If I restart the server and it works fine, but again after I keep on getting this exception. Can anyone please guide me in this? I am not able to understand what does this exception means. I tried restarting the zookeeper server and kafka server but still I am facing this exception. Any help on this would be very helpful, as I am very new to Kafka

Most helpful comment

This problem went away when I add a handler to handler for the CTRL+C case. This ensures the consumer/client is cleaned up otherwise you are at the mercy of whenever the zookeeper node timesout.

process.on('SIGINT', function() {
    highLevelConsumer.close(true, function(){
        process.exit();
    })
});

All 25 comments

Under what circumstances is the rebalance happening - are you stopping the consumer using a CTRL-C?

I also get that exception occasionally. Restarting my consumer fixes it, but obviously that is not the way to fix it. I'm using a HighLevelConsumer as well, with only one zookeeper and one broker.
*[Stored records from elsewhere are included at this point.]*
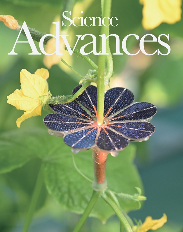 近日,99久久婷婷国产一区二区机电工程学院(新能源学院)教授刘湘江与浙江大学教授谢丽娟共同指导的硕士生王爽,在《科学进展》(Science Advances)期刊发表题为《仿生太阳花:自供能植物可穿戴传感器》的研究论文。该论文针对当前可穿戴式传感器领域的共性瓶颈——供能和持续监测问题,提出一种仿生植物可穿戴传感器。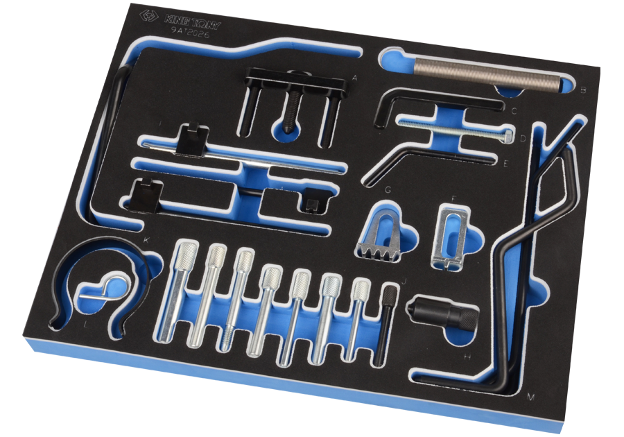 The set includes special flywheel tools and cam/crankshaft timing pin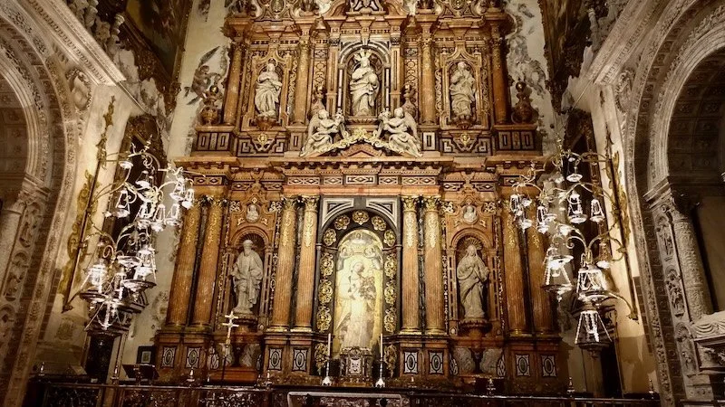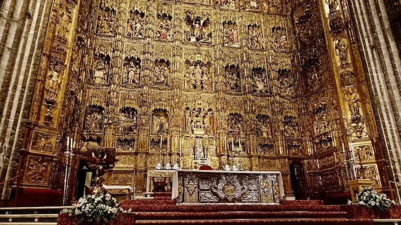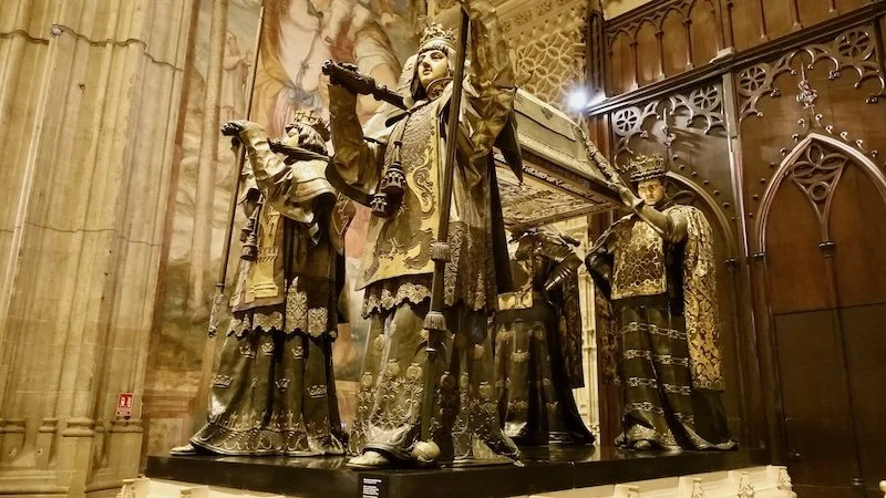 The interior of Seville’s cathedral is a spectacular display of gold, a reminder of the wealth that flooded into Spain from its American colonies. Seville was the main port from which ships sailed for the New World, and to which they brought back its riches. Christopher Columbus lies buried in the cathedral, in a spectacular tomb in which crowned figures carry his sarcophagus.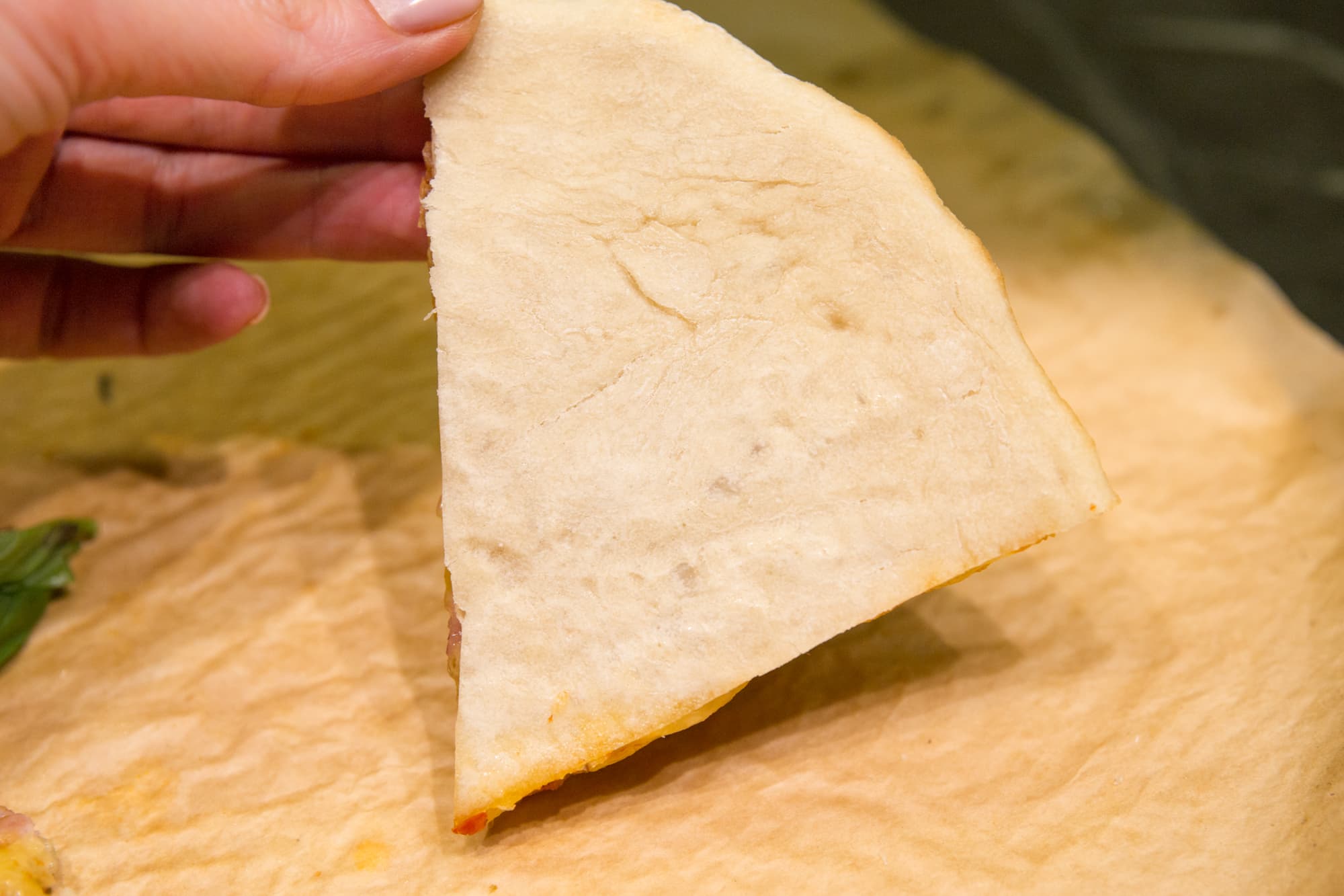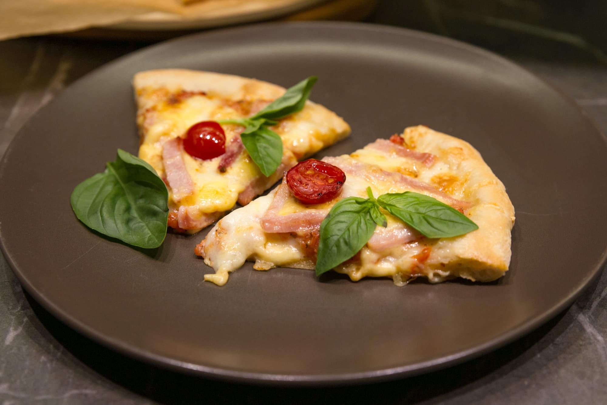 Главное — что у нас всё получилось: сыр должным образом расплавился, а тесто пропеклось по всей плоскости.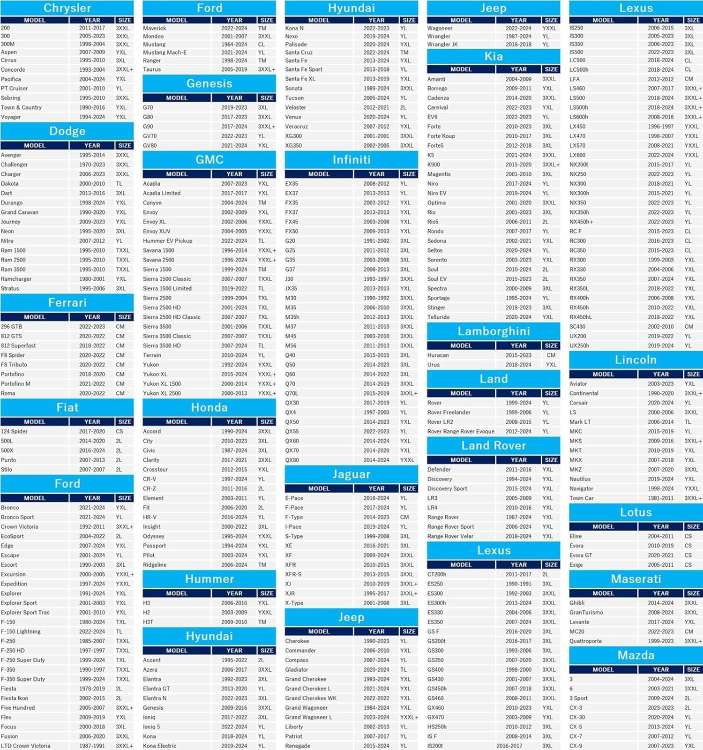 - Universal Fitment: Our YL universal car cover is fit for SUV which length is 170 to 190 inches. Compatible with Toyota CHR/RAV4, Jeep Cherokee/Wrangler, Audi Q3/Q5, BMW, Buick Encore, Chevrolet, Dodge, Ford Mustang, Honda CRV, Hyundai Elantra, Kia Sportage, GMC, Land Rover, Lincoln, Rogue, Mitsubishi, Porsche, Subaru, Lexus, Cadillac, Genesis, Jaguar, etc.
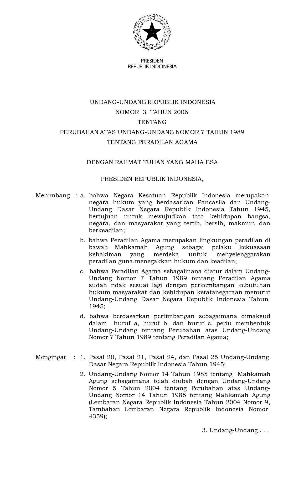 UU Nomor 3 Tahun 2006 | Undang-Undang Nomor 3 Tahun 2006 tentang PERUBAHAN UU 7-1989 TENTANG PERADILAN AGAMA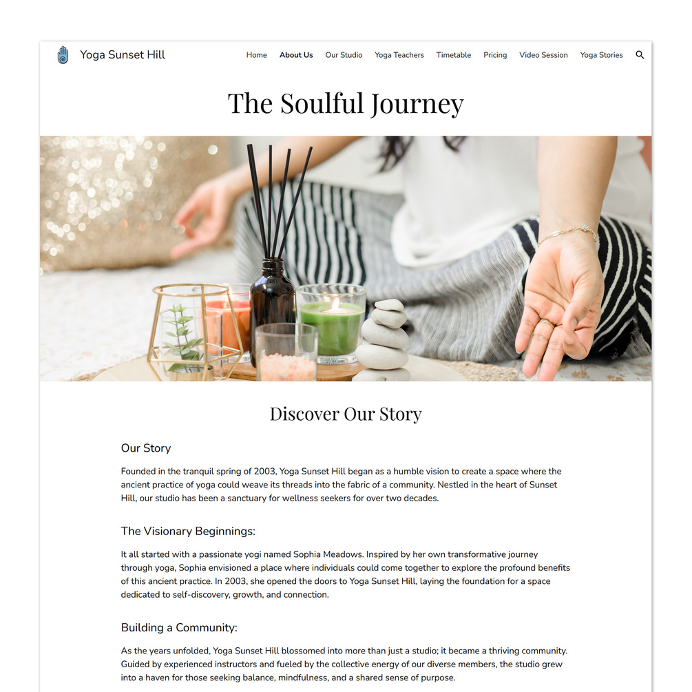 The Yoga Flow Google Sites template is your complete, pre-built website solution designed specifically for yoga studios, wellness instructors, and fitness professionals who need to launch a professional online presence instantly. The design offers a clean, serene, and inviting aesthetic, featuring calm color palettes and generous white space to create a soothing, professional backdrop for your business. This template delivers exceptional value by including real text and image examples that guide you, making it clear what copy to have and what images to use, which you can simply replace. Built in Google Sites interface, it requires zero coding, gives you control over customization, and provides the necessary pages to operate, making the Yoga Flow template the fastest way to get your wellness brand published with confidence.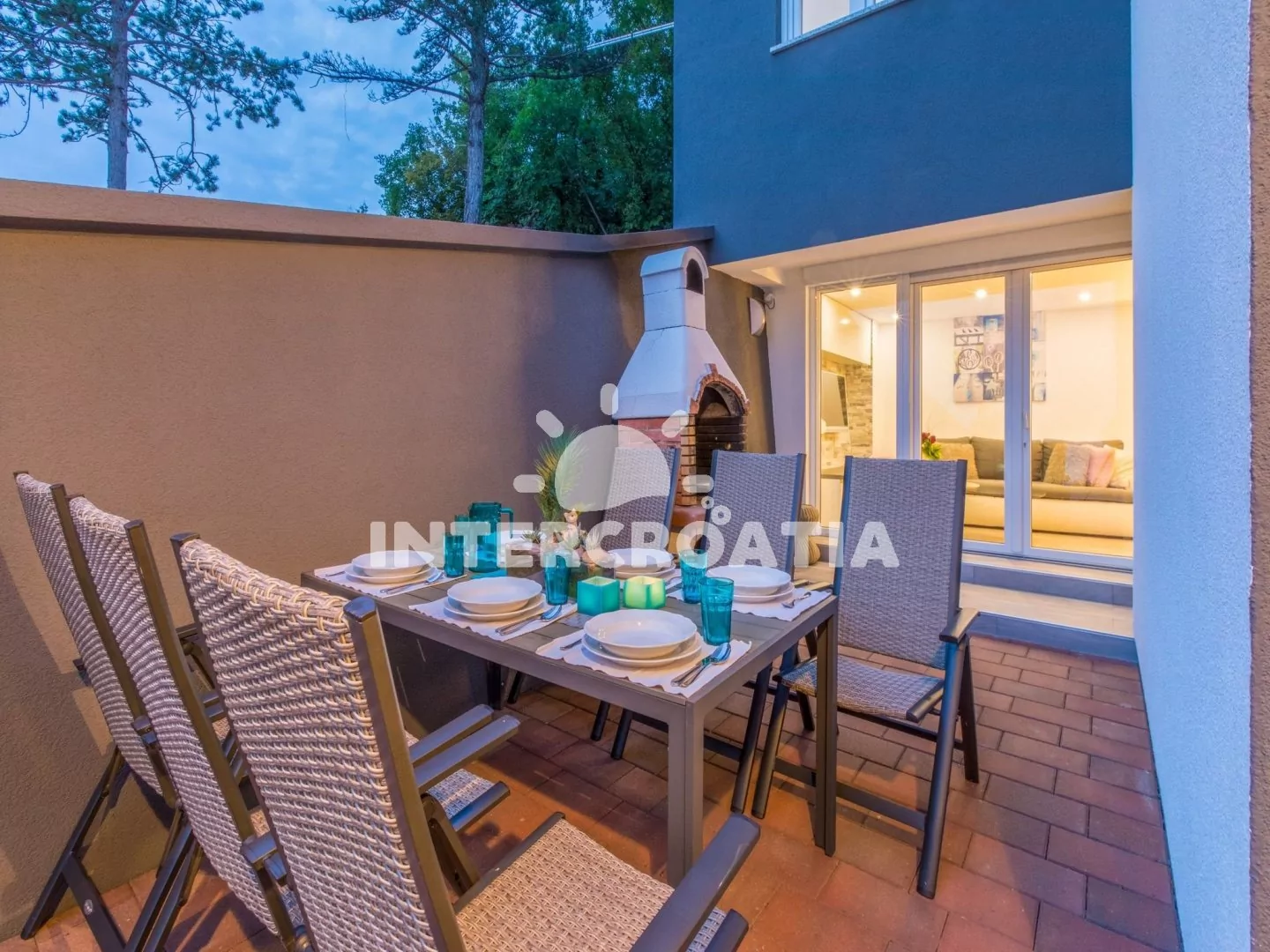 Podkrovní apartmán (50 m2) s výhledem na moře a je vhodný pro 4 až 5 osob. Obývací pokoj je spojený s kuchyní. Kuchyňská linka je vybavena varnou deskou, digestoří, vestavěnou troubou, rychlovarnou konvicí, kávovarem, nádobím a lednicí s mrazákem. Obývací pokoj s jídelním stolem pro 2 osoby, rohovou pohovkou (rozložitelná na extra lůžko pro 1 osobu), televizí se satelitním programem, radiem a klimatizací. První i druhá ložnice je vybavena vždy s jedním dvoulůžkem. Koupelna s vanou, umyvadlem a wc. Hostům je k dispozici parkování u objektu zdarma.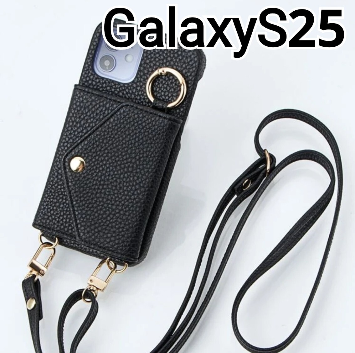 > GalaxyS25 ケース ブラック 黒 レザー風 ショルダーベルト付き Galaxy S25
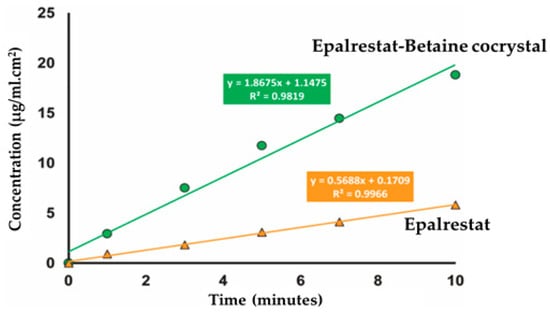 Intrinsic dissolution rate experiment results of epalrestat and its cocrystal. Reprinted (adapted) with permission from [21]. Copyright (2018) American Chemical Society.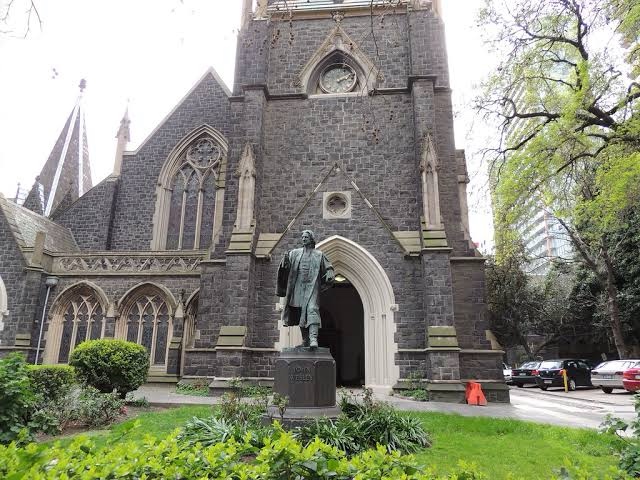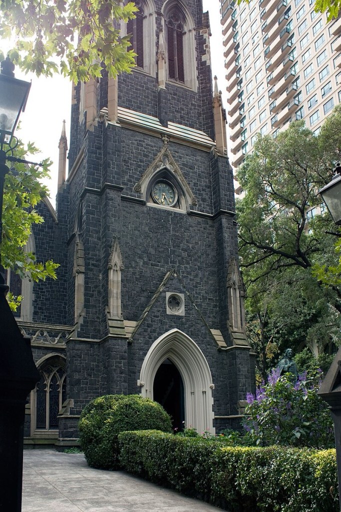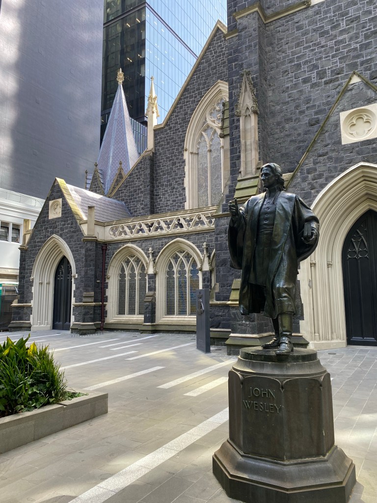 Don’t think I like the new landscaping in front of the Wesley Church in Lonsdale Street; it was uninspired concrete lawn and bushes before, now has more plants and places to sit, but an awful lot of paving – did they think it would be thronged with people ? And why the pattern ? It leads the eye to the church, but it’s not like that’s needed. In fact the landscape design is all rather restless, and detracts from appreciating the Gothic splendour. But it’s not a disaster. The 1935 bronze of John Wesley by Paul Montford looks all cleaned up and fine, except the spiders have already occupied his nose. I feel like there’s more webs than there used to be? In every gap in every building ?

I'm using the latest 0.8.2.1 version of Kafka.

2015-03-17T17:20:37.379Z - error: error FailedToRebalanceConsumerError: Exception: NODE_EXISTS[-110]
at new FailedToRebalanceConsumerError (/Users/jcastillo/dev/svcbus/ConsumerSFSvc/node_modules/kafka-node/lib/errors/FailedToRebalanceConsumerError.js:11:11)
at /Users/jcastillo/dev/svcbus/ConsumerSFSvc/node_modules/kafka-node/lib/highLevelConsumer.js:170:51
at /Users/jcastillo/dev/svcbus/ConsumerSFSvc/node_modules/kafka-node/lib/highLevelConsumer.js:419:17
at /Users/jcastillo/dev/svcbus/ConsumerSFSvc/node_modules/kafka-node/node_modules/async/lib/async.js:240:13
at /Users/jcastillo/dev/svcbus/ConsumerSFSvc/node_modules/kafka-node/node_modules/async/lib/async.js:144:21
at /Users/jcastillo/dev/svcbus/ConsumerSFSvc/node_modules/kafka-node/node_modules/async/lib/async.js:237:17
at /Users/jcastillo/dev/svcbus/ConsumerSFSvc/node_modules/kafka-node/node_modules/async/lib/async.js:600:34
at /Users/jcastillo/dev/svcbus/ConsumerSFSvc/node_modules/kafka-node/lib/highLevelConsumer.js:399:29
at /Users/jcastillo/dev/svcbus/ConsumerSFSvc/node_modules/kafka-node/node_modules/async/lib/async.js:144:21
at /Users/jcastillo/dev/svcbus/ConsumerSFSvc/node_modules/kafka-node/lib/highLevelConsumer.js:389:41

Anyone else having this problem? It happens periodically for me when I start the consumer (HighLevel).
As I said above, my kafka setup is very simple, just one broker and one zookeeper. Usually after the second attempt it will not throw that exception. I'm using the latest version (0.2.24).
Any insight would be appreicated.

thanks

** julio

I'm facing the same problem too, however, I'm generating the clientId in a random fashion to avoid creating two consumers (on the same topic) with the same clientId using:

clientId = "worker-" + Math.floor(Math.random() * 10000)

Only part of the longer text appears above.